If candidates hate Workday, if employees hate Workday, if HR people and managers processing and assessing those candidates and employees through Workday hate Workday — if Workday is the most annoying part of so many workers' workdays — how is Workday everywhere? How did a software provider so widely loathed become a mainstay of the modern workplace?
This is a saying in systems thinking: The purpose of a system is what it does (POSIWID), not what it fails to do. And the reality is that what Workday — and its many despised competitors — does for organizations is far more important than the anguish it causes everyone else.
In 1988, PeopleSoft, backed by IBM, built the first fully fledged Human Resources Information System. In 2004, Oracle acquired PeopleSoft for $10.3 billion. One of its founders, David Duffield, then started a new company that upgraded PeopleSoft's model to near limitless cloud-based storage — giving birth to Workday, the intractable nepo baby of HR software.
Workday is indifferent to our suffering in a job hunt, because we aren't Workday's clients, companies are. And these companies — from AT&T to Bank of America to Teladoc — have little incentive to care about your application experience, because if you didn't get the job, you're not their responsibility. For a company hiring and onboarding on a global scale, it is simply easier to screen fewer candidates if the result is still a single hire.

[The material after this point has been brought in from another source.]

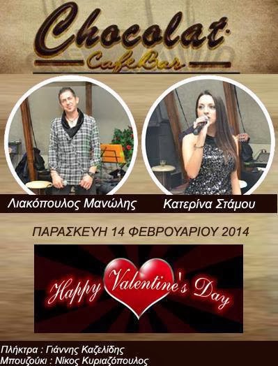 Σήμερα Παρασκευή, ημέρα των ερωτευμένων ζωντανή μουσική βραδιά με τους Μανώλη Λιακόπουλο και Κατερίνα Στάμου στις φωνές. Στα πλήκτρα ο Γιάννης Καζελίδης. Στο μπουζούκι ο Νίκος Κυριαζόπουλος.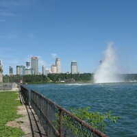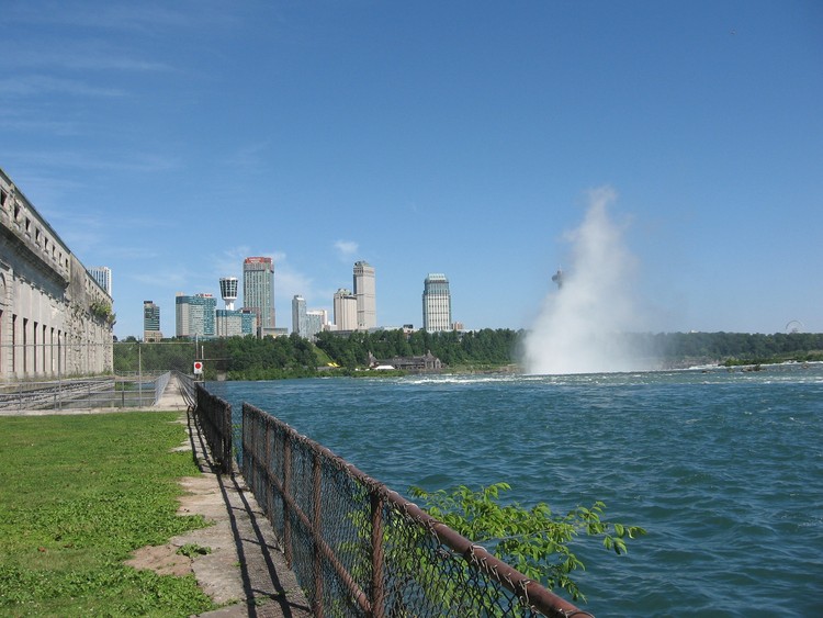 - Skyline of Niagara Falls in background ; Toronto Power Plant building (left) ;

A search on a job board can return hundreds of listings for in-house Workday consultants: IT and engineering professionals hired to fix the software promising to fix processes.
For recruiters, Workday also lacks basic user-interface flexibility. When you promise ease-of-use and simplicity, you must deliver on the most basic user interactions. And yet: Sometimes searching for a candidate, or locating a candidate's status feels impossible. This happens outside of recruiting, too, where locating or attaching a boss's email to approve an expense sheet is complicated by the process, not streamlined. Bureaucratic hell is always about one person's ease coming at the cost of someone else's frustration, time wasted, and busy work. Workday makes no exceptions.
Workday touts its ability to track employee performance by collecting data and marking results, but it is employees who must spend time inputting this data. A creative director at a Fortune 500 company told me how in less than two years his company went "from annual reviews to twice-annual reviews to quarterly reviews to quarterly reviews plus separate twice-annual reviews." At each interval higher-ups pressed HR for more data, because they wanted what they'd paid for with Workday: more work product. With a press of a button, HR could provide that, but the entire company suffered thousands more hours of busy work. Automation made it too easy to do too much. (Workday's "customers choose the frequency at which they conduct reviews, not Workday," said the spokesperson.)
At the scale of a large company, this is simply too much work to expect a few people to do and far too user-specific to expect automation to handle well. It's why Workday can be the worst while still allowing that Paychex is the worst, Paycom is the worst, Paycor is the worst, and Dayforce is the worst. "HR software sucking" is a big tent.
Workday finds itself between enshittification steps two and three. The platform once made things faster, simpler for workers. But today it abuses workers by cutting corners on job-application and reimbursement procedures. In the process, it provides the value of a one-stop HR shop to its paying customers. It seems it's only a matter of time before Workday and its competitors try to split the difference and cut those same corners with the accounts that pay their bills.
Workday reveals what's important to the people who run Fortune 500 companies: easily and conveniently distributing busy work across large workforces. This is done with the arbitrary and perfunctory performance of work tasks (like excessive reviews) and with the throttling of momentum by making finance and HR tasks difficult. If your expenses and reimbursements are difficult to file, that's OK, because the people above you don't actually care if you get reimbursed. If it takes applicants 128% longer to apply, the people who implemented Workday don't really care. Throttling applicants is perhaps not intentional, but it's good for the company.